All Akimbo: Clomid turns up the heat

Whew … is it hot in here to you? No? The thermostat is set on 64 degrees, you say?

Oh.

I must be having yet another hot flash.

I saw my doctor last week and instead of her telling me that I needed a Lupron shot to suppress my endometriosis, she suggested that I give Clomid a shot instead. (I’m still a little leery of Lupron, so this was a relief.)

So far, my only real side effect is the one that leads to my wishing we could afford to cool our house to something around 50 degrees.

We were at least busy enough over the weekend that I was distracted from my own internal kind of heat.

On Friday night, we had dinner and played in the pool with friends who have a girl about six months older than Mojo and a boy who’s a couple of years younger. After we ate and splashed we headed to a park across the parking lot from the pool – and there was the slightest trepidation on my part.

My husband doesn’t do well on playgrounds.

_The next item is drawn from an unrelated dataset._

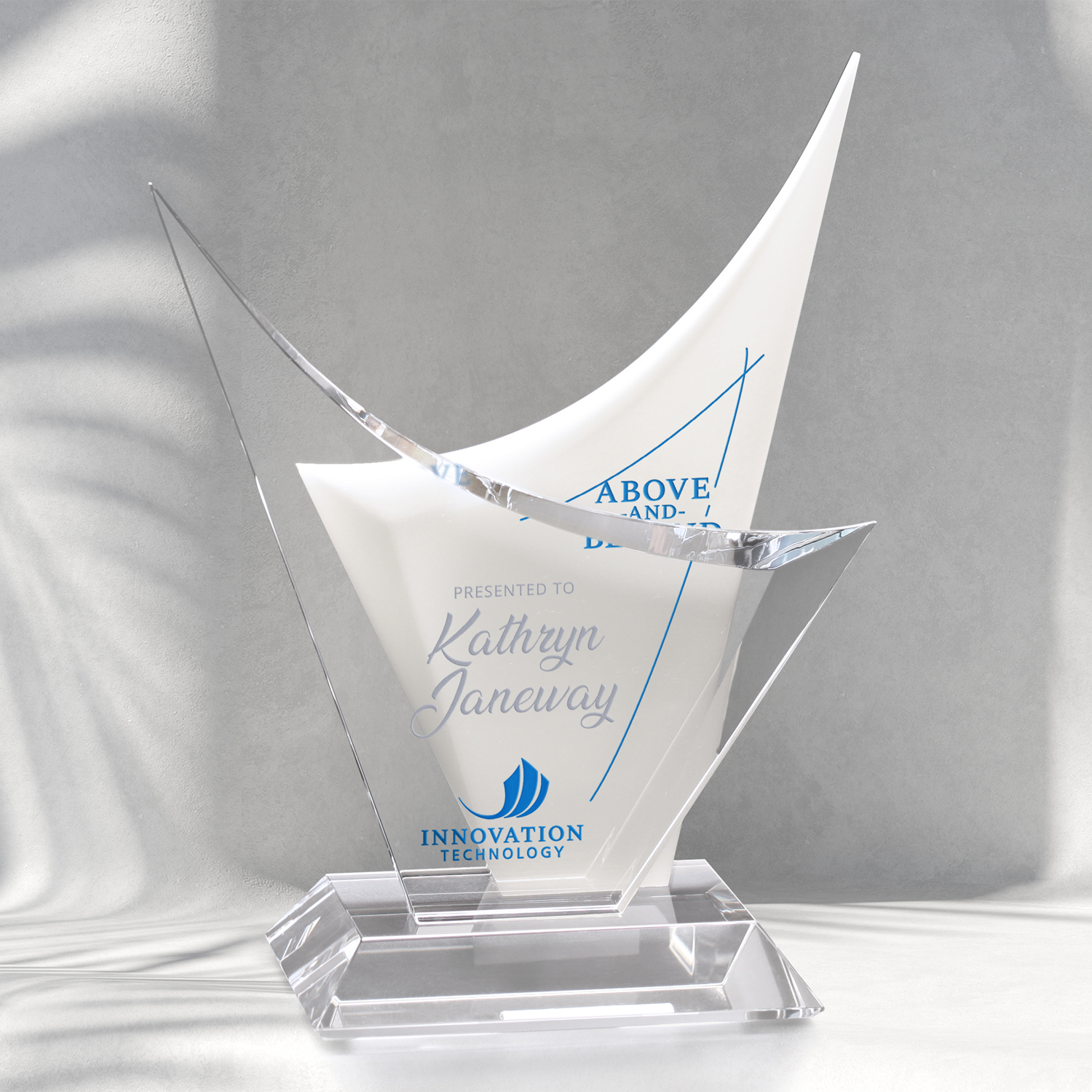 The Voyager Award features a stunning design that is sure to excite any recipient. An optical crystal swoosh opposing a smiliarly shaped white crystal swoosh creates a stunning award for any recognition occasion.

He genuinely likes kids, but there are several he doesn’t want to be around Mojo.

I’ve been surprised by just how protective he is of our kiddo – I guess I always thought I would play the role of hover-around and that he would be more rough-and-tumble, let-him-stand-on-his-own-two feet about things.

There have been a couple of times that I have felt the need to intervene when some tyke looks to be bullying my babe, but for the most part I try to wait for him and his playmates to sort things out without me.

There have been a couple of times that I’ve had to suppress a giggle, like the time the little girl in the Chick-Fil-A playroom waggled her finger and called Mojo over to her under the guise of a game of hide and seek only to plant a big smacker on his right cheek. Mojo didn’t know what that was all about and his eyes were as big as chicken sandwiches as he made his way back to me.

And there was that one time with the gang of girls who, at the top of a slide, joined arms and demanded to know if Mojo was wearing a diaper or a Pull-Up. (Seriously!!) I didn’t know what to make of that one, but I just watched from the ground below and Mojo handled it just fine (by laughing in their faces … perfect response, I must say).

There have also been kids whose seemingly absent – or just absent-minded? – parents didn’t notice that they were pulling my child by his elbow down a flight of stairs or who have been throwing rocks perilously close to my child’s head, and I will stand up and say proudly that I stepped in and told them to knock it off.

My husband, on the other hand, tends to intervene first and ask questions later, to the point of hovering around Mojo and his would-be playmate while the rest of the adults are in another room drinking wine and making chitchat.

I have tried and tried to tell him that he’s going to have to let Mojo handle himself because we’re not always going to be around to help him out, and I think he knows that. But he can’t seem to convince himself to step back and let things go.

Is that a normal daddy thing?

Luckily, the kids of the friends’ we hung out with over the weekend were near-perfect matches for Mojo and everyone had a great time. No intervening and no hovering.

I can’t help but wonder if my husband would be as protective with a second child as he is with Mojo. Would he mellow with experience? Would he spend his days and nights trying to protect our kids from each other? Would it matter if the second baby was a girl or a boy?

Come on, Clomid. I can take all the hot flashes you can dish out if you’ll just give me a chance to find out.